To assess efficacy and safety of telitacicept in a phase 3, multicenter, randomized, placebo-controlled study in patients with generalized myasthenia gravis (gMG).

In gMG, B cells produce autoantibodies targeting the acetylcholine receptor (AChR) and muscle-specific tyrosine kinase (MuSK), disrupting neuromuscular transmission, leading to muscle weakness. Telitacicept, a novel fusion protein, inhibits B lymphocyte stimulator (BLyS) and a proliferation-inducing ligand (APRIL), reducing B cell activity, and showed efficacy and tolerability in a phase 2 study of patients with gMG.

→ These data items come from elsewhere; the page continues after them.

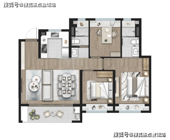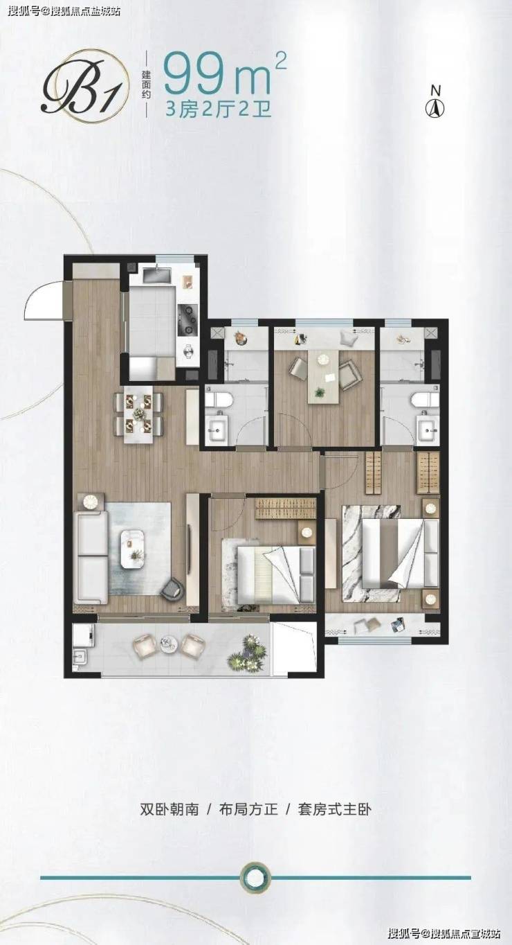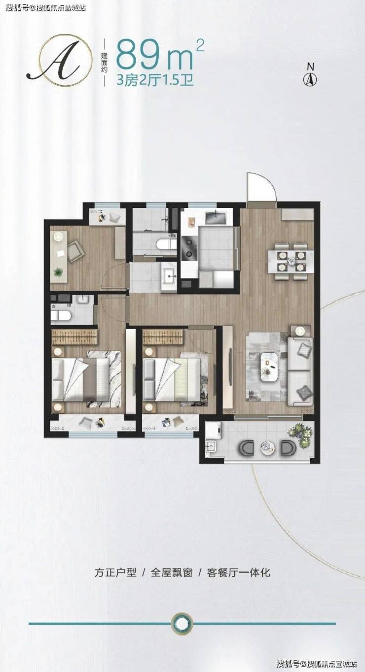 建面约89㎡做3房,功能性上就占尽先机,没想到项目还有1.5卫配置,主卧升级套房,真正实现一步到位!
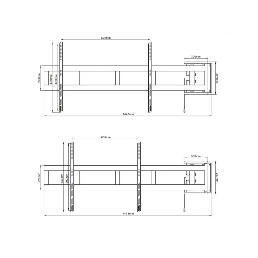 - M Universal Swing Arm at VESA 600x400 is 2360mm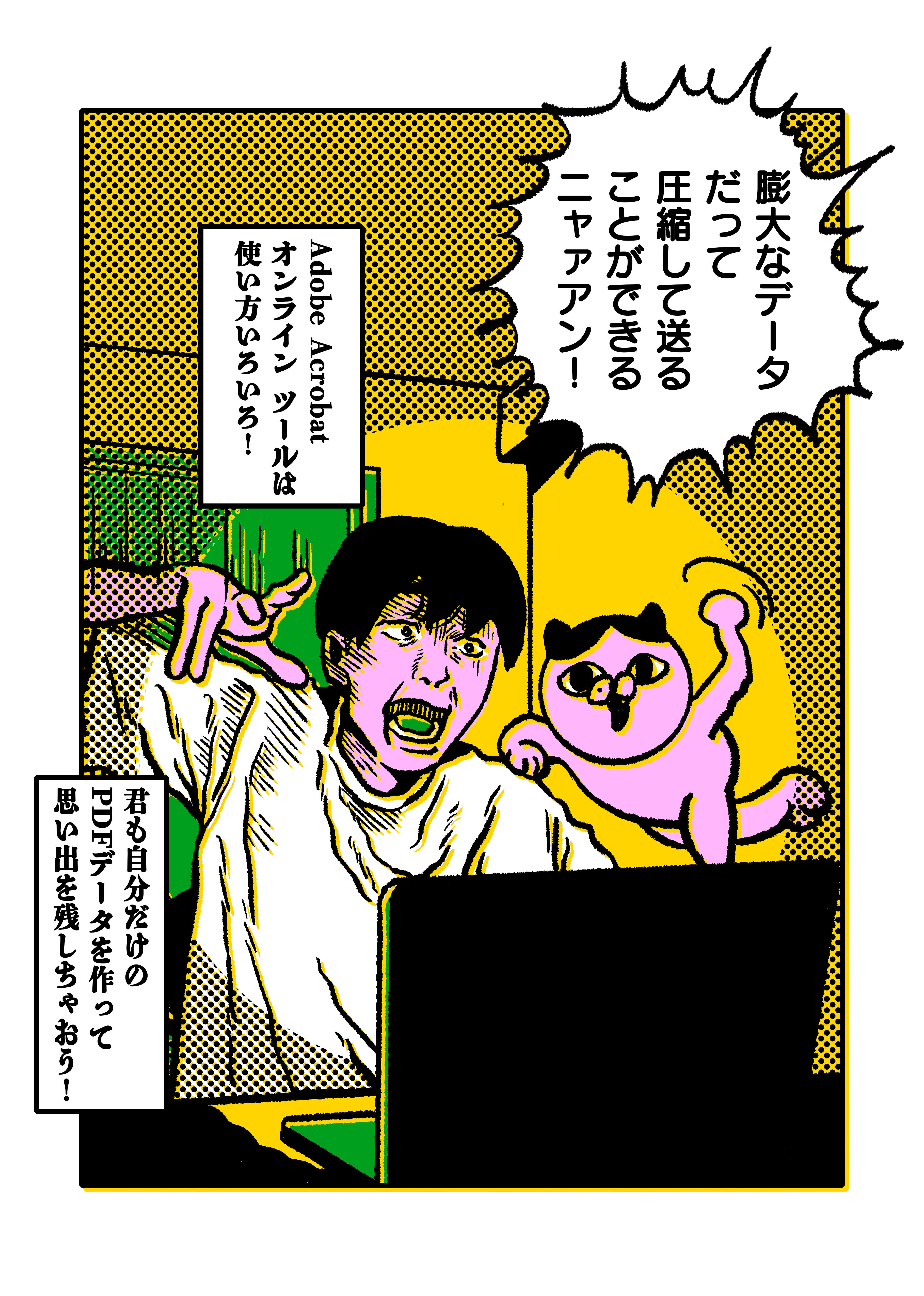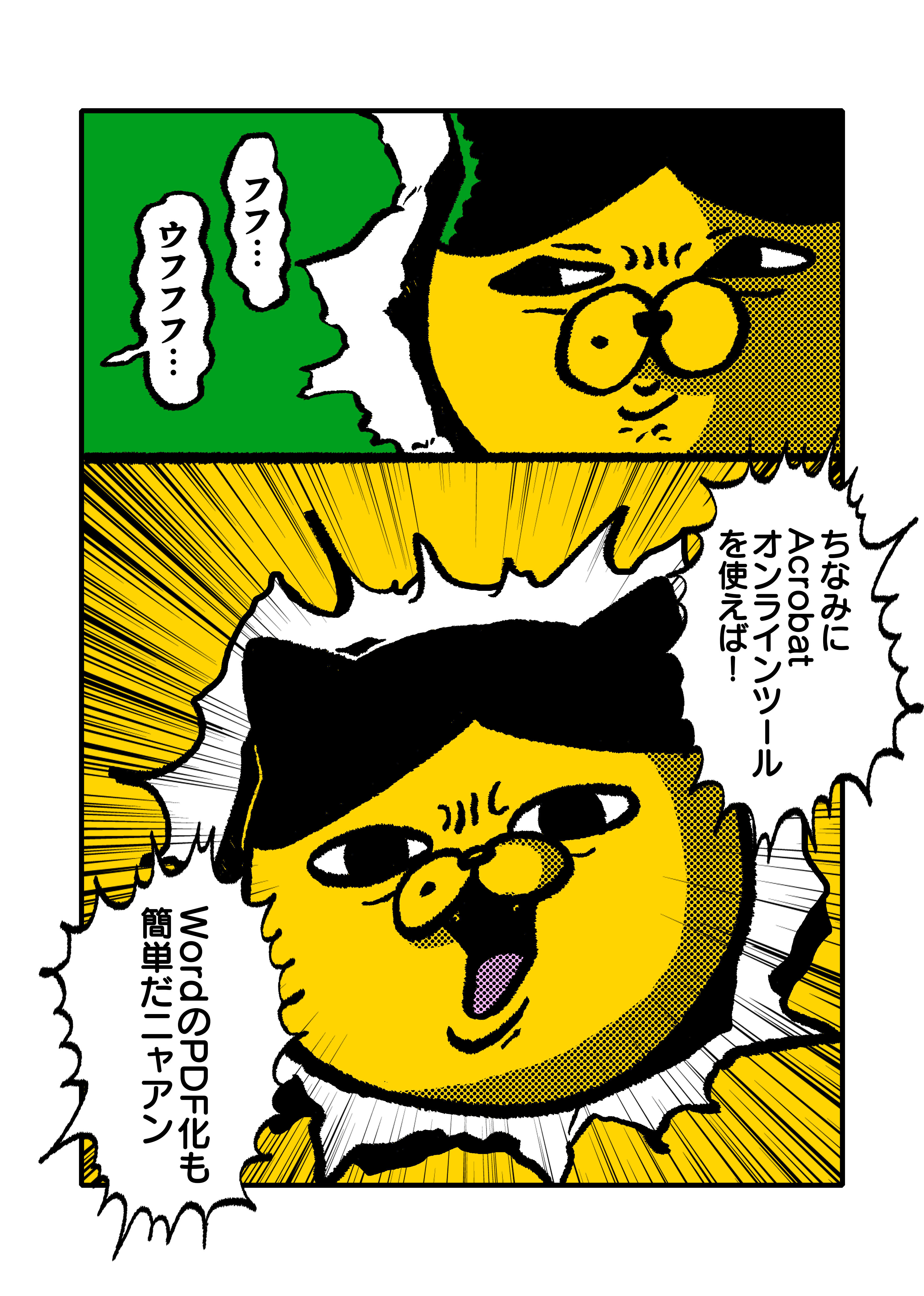 特にAcrobatオンラインツールは、作中でも2人が使っている(ネコが紹介している)ように、WordをPDFに変換したり、PDFのデータを圧縮したり。

Eligible patients were adults with confirmed gMG diagnosis, on stable standard treatment, with positive serum AChR or MuSK antibody, Myasthenia Gravis Foundation of America (MGFA) class II, III, or IVa, Myasthenia Gravis-Activities of Daily Living (MG-ADL) score ≥6, and Quantitative Myasthenia Gravis (QMG) score ≥8. During a 24-week, double-blind period, patients were randomized 1:1 to weekly subcutaneous telitacicept (240 mg) or placebo, then entered a 24-week, open-label period (weekly telitacicept [240 mg]). The primary endpoint was change in MG-ADL at Week 24. Secondary endpoints included change in QMG, and the proportion of patients with ≥3-point reduction in MG-ADL and ≥5-point reduction in QMG. Immunological and safety parameters were assessed.

114 eligible patients were randomized (telitacicept, n=57; placebo, n=57). At Week 24, change in MG-ADL was –6.4 and –1.6 with telitacicept and placebo, respectively (p<0.001); change in QMG was –7.8 and –1.9 (p<0.001). 98.1% and 12.0% of telitacicept and placebo patients had ≥3-point reduction in MG-ADL, respectively (p<0.001); 87.0% and 16.0% of patients had ≥5-point reduction in QMG (p<0.001). Immunoglobulin (Ig) G, A, and M levels decreased with telitacicept and were unchanged with placebo. The most frequently reported adverse event with telitacicept was IgM decrease.

Telitacicept demonstrated clinically meaningful efficacy and a safety profile consistent with data from studies in various indications. The 24-week, open-label period is ongoing.